製作のすべてが石原さんの手仕事によって進みます。持ち手の部分ひとつ取って見ても、ざらざらする革の切り口にかんなや、やすりをかけ滑らかにし染料で仕上げていく。丈夫で持ちやすく見た目にもきれいに仕上げるためには、これ程多くの手間がかかっているのかと驚かされました。縫製にしてもそう。「バッグで一番こわれるのは糸のほつれだから、それを避けるために摩擦が多い部分は縫い目を表に出しません」と石原さん。また、サイドから底マチも一枚の革で出来ているので、つなぎ目がなく丈夫。その部分にヌメ革オイルレザーを使うことで、しっかりとバッグが自立することも可能にしています。「バッグの口の部分は物の出し入れがしやすいようにファスナーではない方がいいですね。それでも口を閉じたい時のためにしっかりとしたマグネットを内側に付けておきます」と目立たないように付けてくれました。

生活の中に和紙があると気持ちまでやさしくなれる。

出来上がったバッグを工房の窓際に置き、自然の光に照らしてみた。「いいね」一同納得、笑顔で頷いた瞬間でした。
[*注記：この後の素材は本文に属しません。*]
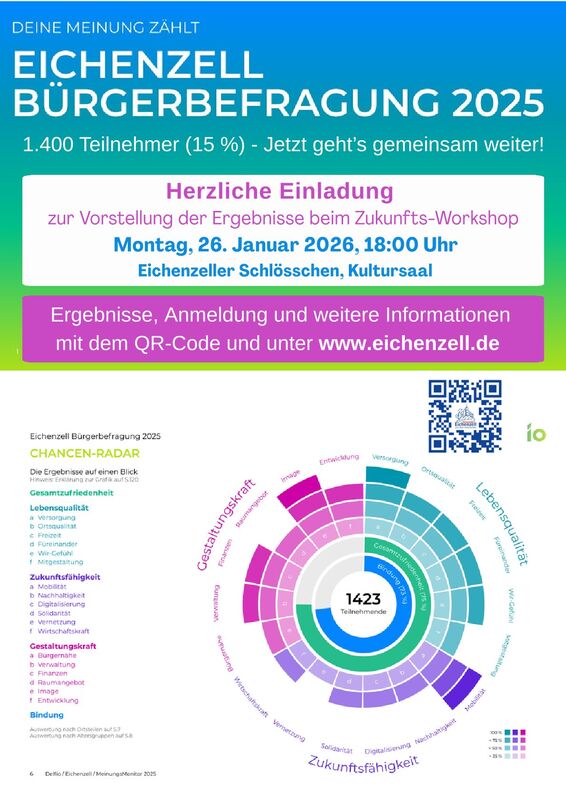 Über 1.400 Eichenzellerinnen und Eichenzeller (15 % der Bürgerinnen und Bürger ab 15 Jahren) haben an der Befragung teilgenommen. Herzlichen Dank an alle, die ihre Einschätzungen und Ideen eingebracht haben.Das Feedback aus der Bürgerschaft ist ein großer Schatz – und zugleich unser gemeinsamer Auftrag, daraus die richtigen Schritte für die Zukunft abzuleiten.
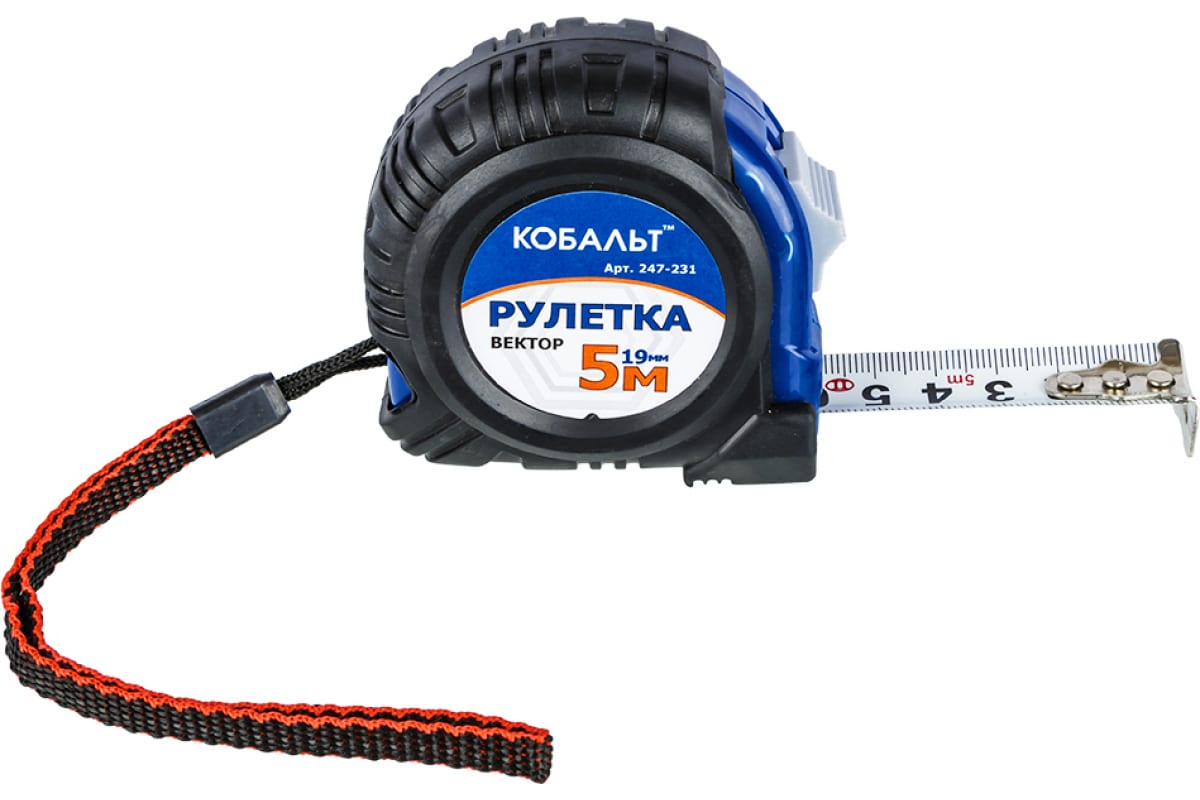 Рулетка 5 м x 19 мм, обрезиненный корпус КОБАЛЬТ Вектор 247-231 используется для снятия размеров и производства разметки во время строительных, интерьерных, монтажных работ. Матовое покрытие ленты и крупные контрастные значения цифр обеспечивают легкость считывания даже при слабом освещении. Корпус инструмента выполнен из ABS пластика, что гарантирует устойчивость к механическим воздействиям. Благодаря жесткой стальной клипсе и прочному ремешку-темляку возможно ношение изделия на ремне или запястье.

見本になったプロトタイプを基に素材や、大きさを検討。プロトタイプの革が重いため、丈夫で軽い革をチョイス。大きさも女性が持つことも考えて若干小さくした。
育てていく愛着。使い込むほどに自分のモノになっていく。

こんな小さな店も必要かなって思う。

「1980年に店を始めたころは自分の好きなモノばかりをつくっていて、それを気に入ったら買ってくれればいいという感じでした。今思えば一方的なモノづくりだったと思います。でも年をとるにつれて使ってくれる人の立場に立ったモノづくりをするようになりました。ニーズに応えるべく私も努力、勉強を重ねています。よくこだわりは何ですかって聞かれますが私には特にないんです。強いて言えばタンニンなめしを使うなど自然にやさしい天然素材を材料にしたモノづくりをしているところ、ぐらいですかね。相手の立ち場に立つ程、シンプルなモノづくりになっていくように感じます。「使う人が育てていってくれる」そういったモノをしっかりとした素材で、きちんとつくっていきたいですね。こういう小さな店も必要かなって最近思うんです。小さいからこそ小さな少ない要望にも応えていけますから」。

天然素材なので多少のキズもあります。色の出方も個々で微妙な違いがあります。しかしそれが年月と共に味になっていくでしょう。使う人によって育てられ、やがてなくてはならない愛着のあるパートナーに成り得るバッグだと思います。これこそ、手仕事の極みなのです。